# [Data block]
-------------------------
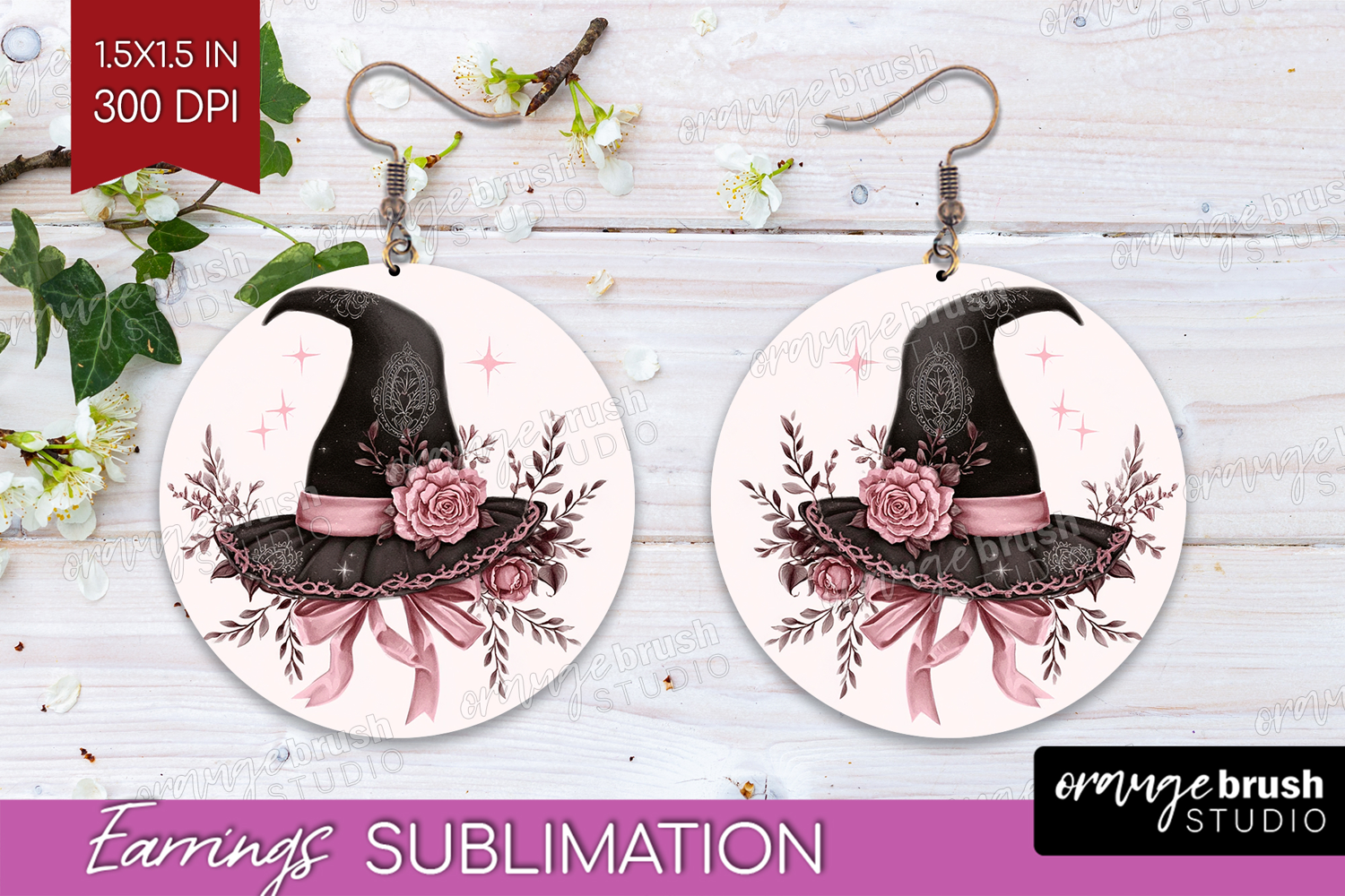 Similar Design Products to Witch Hat Cute Round Earrings Pink Halloween PNG Sublimation
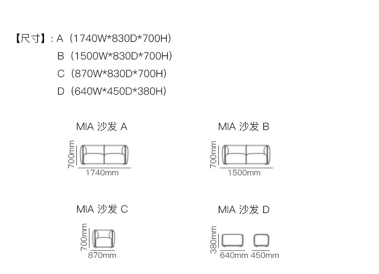 MIA 沙发 系列尺寸/示意图
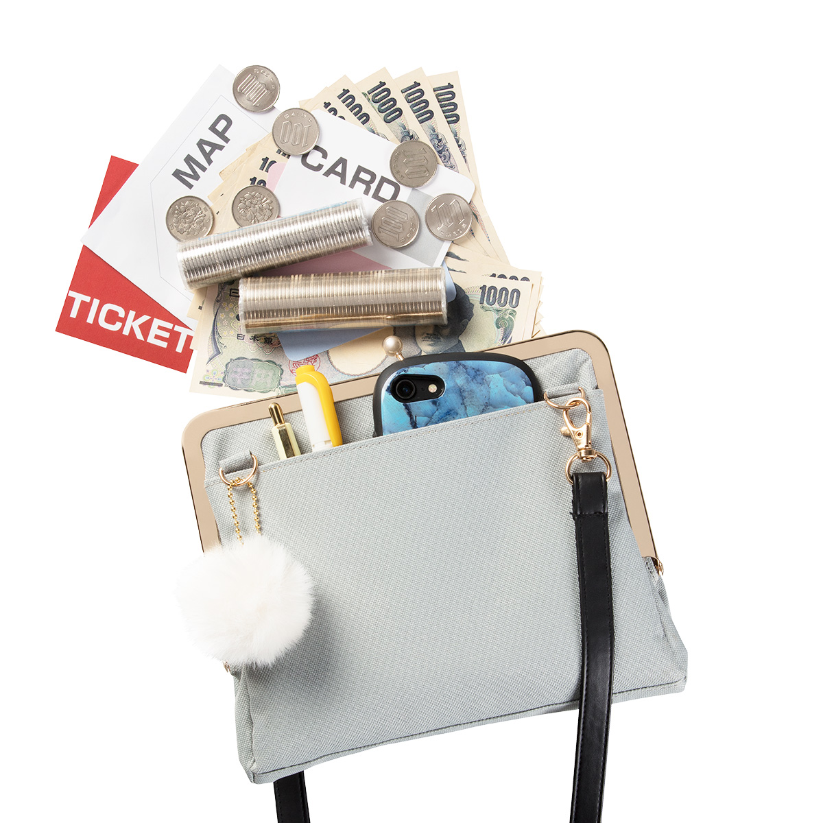 セット内容:スクエアポーチ、がま口ポーチ、ショルダー紐 各1個
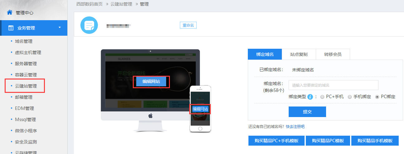 【云建站入手教程】6、云建站的基本操作和注意事項(xiàng)快捷導(dǎo)航: -------【云建站入手教程】-------- -------【云建站入手教程】-------- 1、進(jìn)入編輯的方式(有兩種) (1)方法一:請登錄會(huì)員中心,點(diǎn)擊業(yè)務(wù)管理中的云建站管理進(jìn)入。點(diǎn)擊編輯網(wǎng)站,默認(rèn)進(jìn)入前臺(tái)編輯界面
-------------------------
# [Task prompt]
Without the pictures, repeat the listing exactly as it reads.

# [Task answer]
 Similar Design Products to Witch Hat Cute Round Earrings Pink Halloween PNG Sublimation
 MIA 沙发 系列尺寸/示意图
 セット内容:スクエアポーチ、がま口ポーチ、ショルダー紐 各1個
 【云建站入手教程】6、云建站的基本操作和注意事項(xiàng)快捷導(dǎo)航: -------【云建站入手教程】-------- -------【云建站入手教程】-------- 1、進(jìn)入編輯的方式(有兩種) (1)方法一:請登錄會(huì)員中心,點(diǎn)擊業(yè)務(wù)管理中的云建站管理進(jìn)入。點(diǎn)擊編輯網(wǎng)站,默認(rèn)進(jìn)入前臺(tái)編輯界面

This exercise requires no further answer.